Hinweis: Die AC-6.21 (AC-6 in kurzen) Stromazelllinie 18 (von I. Weissman, der Stanford University zur Verfügung gestellt) sollten in RPMI aufrechterhalten werden, ergänzt mit 15% hitzeinaktiviertem fötalem Rinderserum (FBS). Als Feeder-Zellen dienen, sind AC-6-Zellen γ-bestrahlt mit 3000 rad (30Gy) einen Tag vor der Co-Kultur, um ihre Verbreitung zu verhindern. Hinweis thbei AC-6 Zellen neigen dazu, ihre Differenzierung unterstützende Fähigkeit zu verlieren, wenn bei der Wartung überfüllten verlassen, oder wenn ihre Durchgang Nummer ist über 20.

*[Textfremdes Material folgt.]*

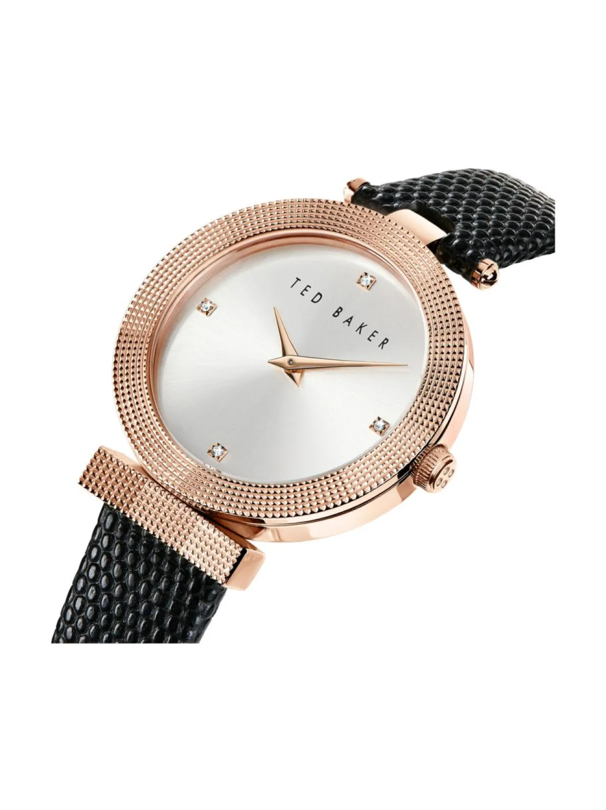 Ted Baker Bow-mallisto on naisellisia yksityiskohtia täynnä. Neljännestuntien kohdalla on swarovski-kristallit ja rungon alaosassa on Tedille tunnusomainen rusettimuotoilu. Liskokuvioinen nahkaranneke täydentää kellon selkeän ilmeen. Kellon ruusukullanvärinen runko on valmistettu ruostumattomasta teräksestä ja sen leveys on 36mm ja paksuus on 8mm. Kellon taulu on hopeanvärinen, kellossa on mineraalilasi ja Y120E-kvartsikoneisto. Kellon vesitiiviys on 5ATM. Ted Baker kelloilla on 2 vuoden takuu.

  1. Wasch AC-6 Zellen einmal mit 1 ml Dulbeccos phosphatgepufferter Salzlösung (DPBS) gewaschen und durch Absaugen zu entfernen DPBS. Behandlung von AC-6-Zellen mit 0,8 ml Trypsinlösung (0,05% Trypsin und 0,5 mM EDTA in DPBS) für 3-5 Minuten bei 37 ° C, 5% CO 2 und stoppt dann die Reaktion durch mit 10 Volumina Kulturmedium zu verdünnen machen Einzelzellsuspension.
  2. Samen AC-6-Zellen bei 5.9x10 4 Zellen / Well in 12-Well-Platten und Inkubieren bei 37 ° C, 5% CO & sub2; O / N.
    Anmerkung: Die Dichte des AC-6-Zellen ist sehr wichtig, da eine geringere Dichte wird cDC- Erzeugung begünstigen. Aussaat mit einer Dichte von 5.9x10 4 Zellen / Vertiefung ermöglicht AC-6 bis zur Konfluenz am nächsten Tag, die optimal für die Ableitung pDCs von CLPs ist zu erreichen.
  3. Bestrahlen AC-6-Zellen mit 3000 rad (30 Gy) unter Verwendung von γ-Bestrahlungsvorrichtung.
    Notiz: Das zur AC-6 bestrahlen Dosis ist optimiert, um die Zellen aus proliferierenden zu verhindern und dennoch tragfähig zu halten sie lange genug, um die für die Differenzierung der DCs von CLPs erforderlich Zytokine und Zell-Zell-Kontakt.
  4. Saugen Sie Medium und ersetzen mit 1 ml komplettem RPMI (RPMI mit 10% hitzeinaktiviertem FBS, 50 ug / ml Gentamycin und 50 uM β-Mercaptoethanol).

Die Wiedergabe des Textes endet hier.